■ Your assignment
Copy all the lines of the listing below exactly. Skip the images.

■ Source material
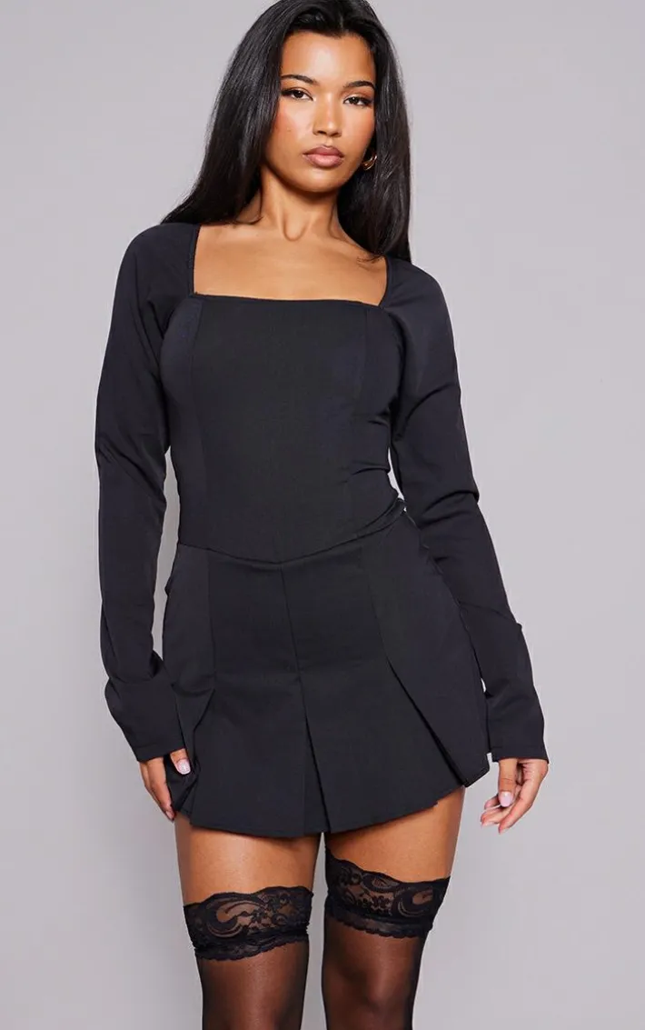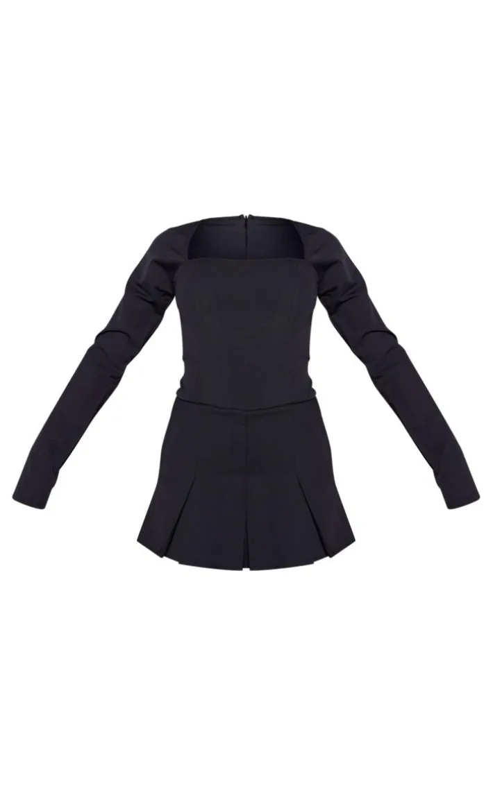 Get ready for the weekend with this black tailored woven square neck pleated skort romper. Made from a black woven material with a square neckline and a pleated design, what’s not to love? With a skort style and a figure-flattering fit, this romper is sure to gain you all the compliments. Team with court heels and a shoulder bag for a fiercely feminine finish.
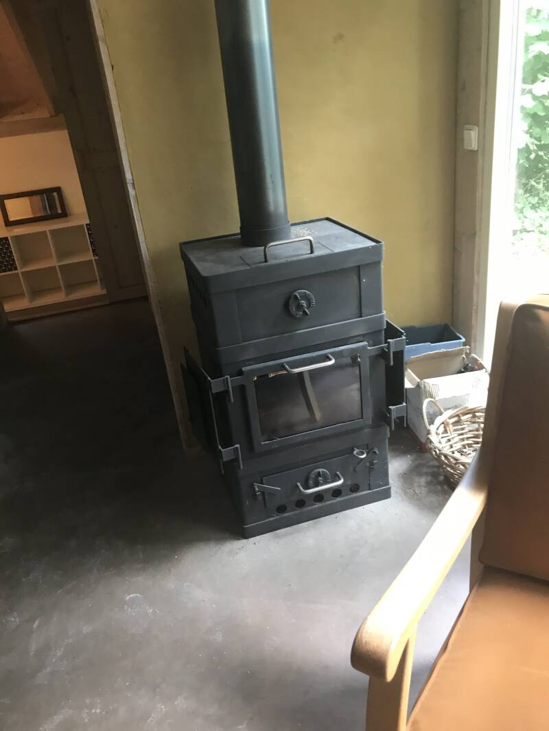 Wanneer het fris is kan de houtkachel aan. Hout is in voldoende mate aanwezig.
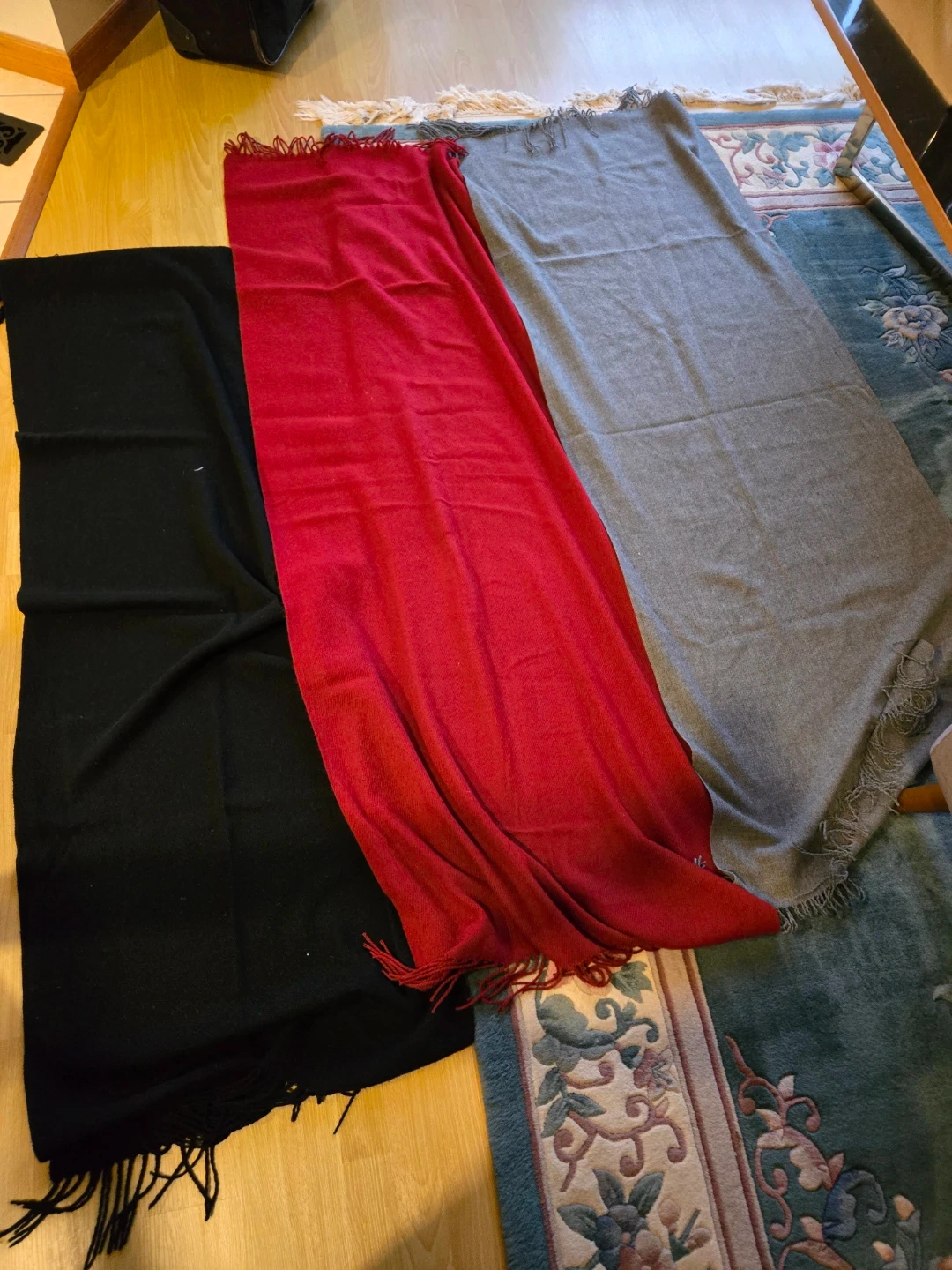 A set of three scarves in black, red, and grey. Scarves have a fringe detail. They're soft and look to be a wool or acrylic blend. Approximately 6 ft long
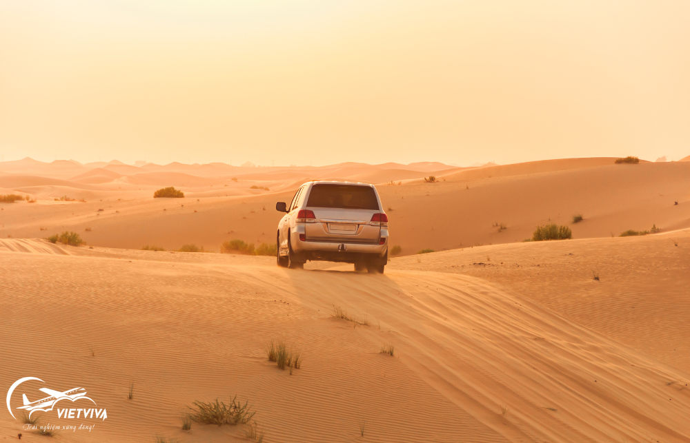 - Desert safari tour: Xe chuyên dụng Land Cruiser đón đoàn tại khách sạn, bắt đầu hành trình khám phá sa mạc, một trong những chương trình không thể thiếu và đặc trưng nhất Dubai.
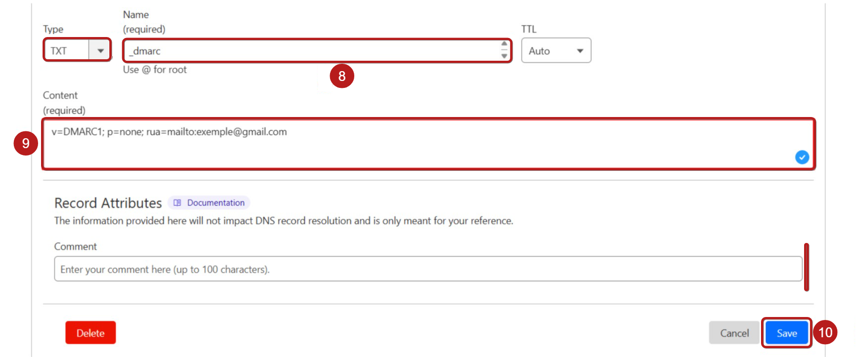 - DMARC kaydını eklemek için TXT seçeneğini seçin (7).

■ The answer
 Get ready for the weekend with this black tailored woven square neck pleated skort romper. Made from a black woven material with a square neckline and a pleated design, what’s not to love? With a skort style and a figure-flattering fit, this romper is sure to gain you all the compliments. Team with court heels and a shoulder bag for a fiercely feminine finish.
 Wanneer het fris is kan de houtkachel aan. Hout is in voldoende mate aanwezig.
 A set of three scarves in black, red, and grey. Scarves have a fringe detail. They're soft and look to be a wool or acrylic blend. Approximately 6 ft long
 - Desert safari tour: Xe chuyên dụng Land Cruiser đón đoàn tại khách sạn, bắt đầu hành trình khám phá sa mạc, một trong những chương trình không thể thiếu và đặc trưng nhất Dubai.
 - DMARC kaydını eklemek için TXT seçeneğini seçin (7).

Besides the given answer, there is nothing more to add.